12 tips for anxious drivers

Girl looking out car window

Admit it – there’s probably at least one part of driving you'd like to avoid. Whether it’s navigating to new locations, braving unfamiliar motorways or simply parking in a tricky space, don't worry, here are some ways to feel calm, confident and in control.

By Steve Smethurst

Racing hearts, sweating palms and headaches – just some of the symptoms that nervous drivers face when they get behind the wheel. There are many factors involved. Imagine that you were once in an accident and are now driving at night, in dreadful weather, in unfamiliar surroundings in a car you’ve never driven before. And there’s someone right behind you with their full beam on.

Maybe you have nerves of steel, but UK government statistics1 show that there were 1,390 road deaths in the year ending June 2021 and almost 120,000 casualties resulting from accidents. So, it’s little wonder that there are some anxious drivers out there.

Fortunately, there are steps you can take to conquer your nerves and make driving pleasurable, or at least to enable you to get from A to B without too much stress.

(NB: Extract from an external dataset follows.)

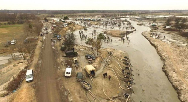 Сіре решето на знімках зверху — це розмита помпами земля.

  1. Research your route, so you know what to expect and where to go. If you can, test the route in advance when the roads are quiet and the weather and light are good. Preparation is half the battle.
  2. Using sat-nav may help but remember they don’t always get it right. Have a map in the car just in case, especially if you’re travelling with a passenger who can help with directions.
  3. Playing music may help to take the edge off your nerves.
  4. Focusing on your breathing can be helpful. Taking in long slow in and out breaths can help to reduce your heart rate.
  5. Don’t let other drivers pressure you into driving faster than you’re comfortable with. Let other vehicles overtake when it’s safe to do so.
  6. It might help to avoid caffeine before you drive. It’s a stimulant and could make nervous tension worse.
  7. If it all gets too much, pull over in a safe place like a service station or a side road and take some time out before starting again.
  8. If it’s been a few years since you passed your test, it’s probably worth brushing up on road signs and all drivers should be aware of the recent changes to the Highway Code.
  9. Similarly, it might help to go back to basics and remember all the good driving habits you learnt, such as always checking mirrors when turning or braking; ensuring there is enough distance between you and the driver in front of you; and signalling with plenty of time.
  10. Believe in yourself. You’ve passed a driving test; you know what to do. You’ve got this.
  11. The minimum car insurance you need to drive in the UK is ‘third party’, but you may feel more confident if you take out a comprehensive policy which will give you extra protection should something go wrong. Aviva’s comprehensive car insurance includes vehicle recovery, legal costs if you’re in an accident and motor injury protection.
  12. Finally, if these tips don’t work for you, it might be worth getting help from the professionals, perhaps by booking driving-refresher or motorway-driving lessons. Some people have been helped by therapy, like hypnotherapy or CBT following trauma.